I keep coming back to the extortionate cost of the Second Avenue Subway in NYC. It's like ~$2.5 billion per mile (Phase 2 is estimated at $4 billion per mile). You may be tempted to say that China isn't a good comparison here because of cheap labor or whatever. Fine. But let's compare it to the UK's Crossrail, which was still expensive but way cheaper than the SEcond Avenue Subway.
California's HSR is hitting huge roadblocks from permitting, planning and political interests across the Central Valley, forcing a line designed to cut the travel time from LA to SF to divert to tiny towns along the way.
There is a concerted effort in the US to kill public transit projects across the country (eg [3]).

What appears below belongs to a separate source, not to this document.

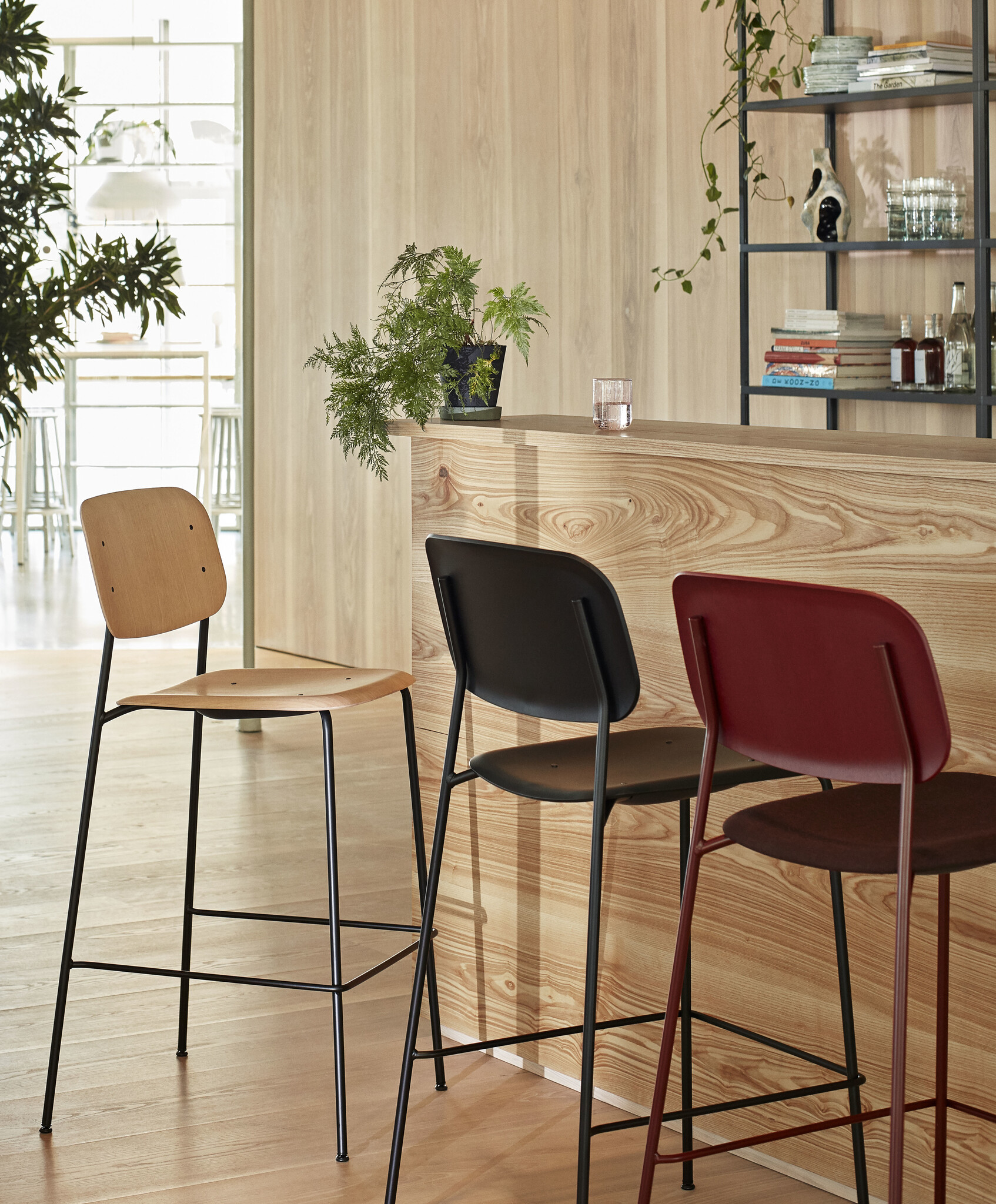 The Soft Edge 90 Bar Stool, designed by Iskos-Berlin, merges organic shapes and minimal aesthetics with a lightweight design and a supportive low backrest. Featuring a wooden seat and back in various finishes, combined with long steel legs, it delivers a sleek, airy look. Built for durability and comfort, it suits cafés, offices, and contemporary homes.
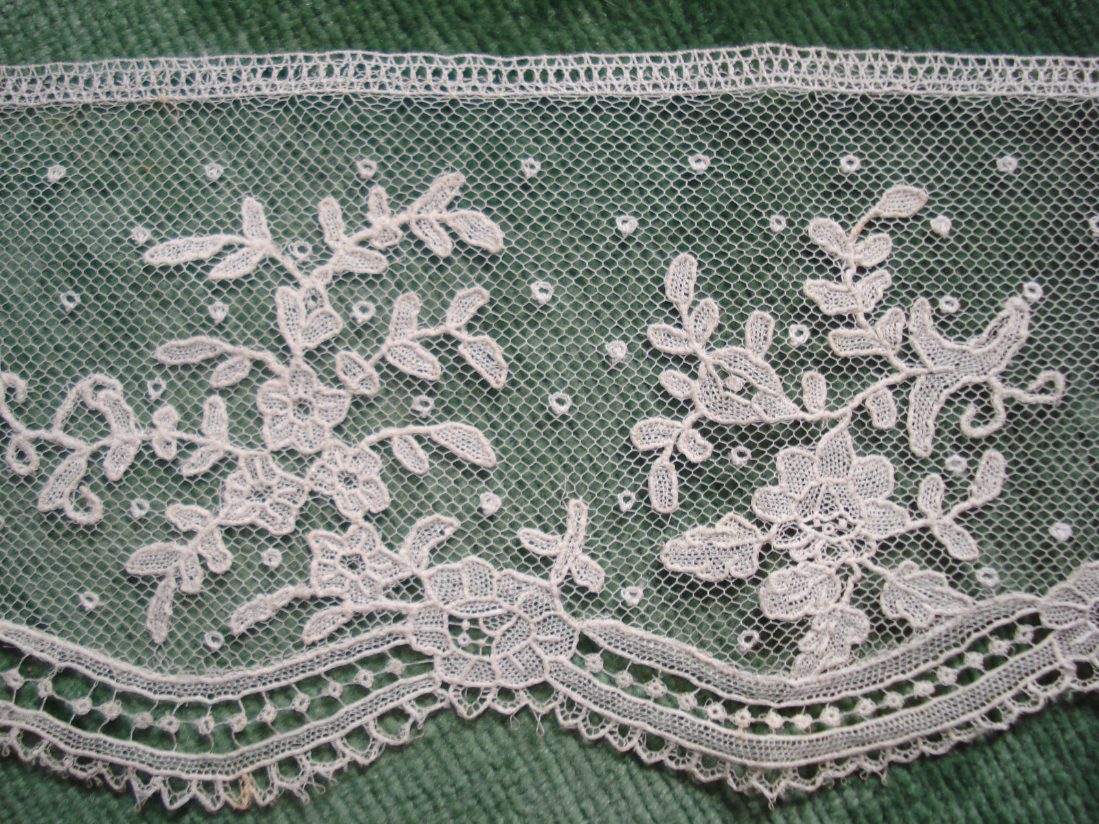 Comments: Two short border sections of Brussels bobbinlace application on machine net. Good delicate pattern with a short repeat of two flowers, nicely worked. Esprits in the ground. This is a lace meant to be ruffled.

You don't just do this by blocking projects. You also make things take much longer and make the processes so much more expensive. In California, for example, we've seen the weaponization of the otherwise well-intentioned CEQA [4].
I feel like China's command economy is going to eat us alive over the next century.
[1]: https://www.reddit.com/r/MapPorn/comments/xszhbm/chinese_hig...
[2]: https://www.youtube.com/watch?v=F7gvr_U4R4w
[3]: https://www.nytimes.com/2018/06/19/climate/koch-brothers-pub...
[4]: https://californialocal.com/localnews/statewide/ca/article/s...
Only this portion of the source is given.